When you are applying for a mortgage, usually the lender will focus on your financial history over the past 2 years. For employees, that means 2 years of personal income tax returns, as well as W-2s and paycheck stubs. If you are self-employed, that changes the usual process a little. For one thing, you probably won’t be able to provide W-2s or paycheck stubs.
Many lenders specialize in working with borrowers who are self-employed. It’s worth your time to shop around for a lender you’re comfortable with, who has done this type of loan before. Be aware that it may take a little longer and involve a bit more paperwork, but mortgages for self-employed people are approved every day.
By the way, you may be surprised to find that you fall into this category. If you are employed by a business that you own 25% or more of, you’re considered self-employed. If you own a construction company equally with your 4 siblings, you own 20% so you’re not considered self-employed. If you own the same company equally with 2 siblings, you own 33% so you’re considered self-employed.
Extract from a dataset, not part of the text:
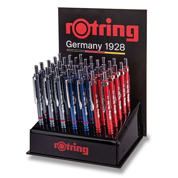 Stojánek 35 ks mechanické tužky Tikky Retro s plastovým tělem a kovovými doplňky ve stříbrné barvě. Dolní část s jemným vroubkováním pro lepší úchop. Skrytá pryž umístěná v stiskací koncovce mechanické tužky. Ve 3 barevných provedeních. prečítať celé
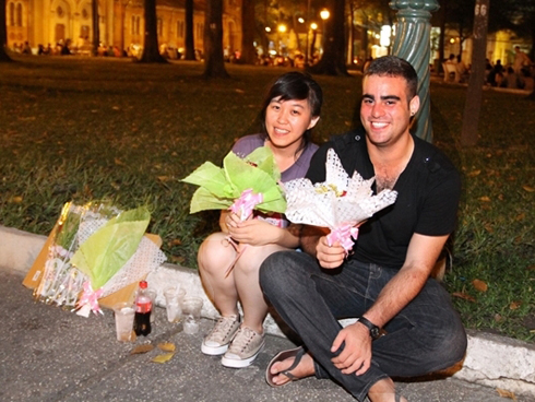 ![]() Will và cô bạn gái người Việt bán hoa ở công viên 30 tháng 4. Ảnh: Husky |

The lender will be concerned with your financial stability, and the financial health of your business. After all, in this situation, if your business fails, you are likely to default on your mortgage, as well. So, the lender will be checking two sets of documents – your personal financial records, as well as your business records.
You’ll need to supply your personal income tax returns for the past two years. If your company is incorporated, you’ll also need to supply two years of income tax returns for the business. The lender will often also request a current balance sheet for the business, as well as a current profit and loss statement.
If your credit is good and you don’t have any other major loans, the lender may simply work with the first two pages of your personal tax returns for the past 2 years. In this case, your financial history is strong enough that they aren’t concerned about the business. However, this is the exception.
The documentation you’ll need to furnish, and the way it’s viewed by the lender, depends on the structure of your business:
– Sole Proprietor
As a sole proprietor of a business, you own the whole thing. Your business income and expenses will appear on Schedule C of your personal income taxes. Your taxable income (or net income) is considered your total revenue (or total income) minus expenses.
If your business is set up as a corporation, it’s separate from your personal income. The lender will need to see your corporate tax returns for the past two years, as well as your personal tax returns.
If your company is a partnership, the lender may ask for two years of tax returns from the business. On the other hand, if your credit score is high and your current loans low, again, they may simply work with your personal tax returns.
The amount of documentation necessary can be greatly reduced for those with strong credit scores. Many self employed borrowers, due to their excellent credit, have the ability to state their income, provide limited documentation (3 to 6 months bank statements) or even provide no documentation. As these reduced documentation types add additional risk to the lender, they typically have slightly higher interest rates than full documentation loans.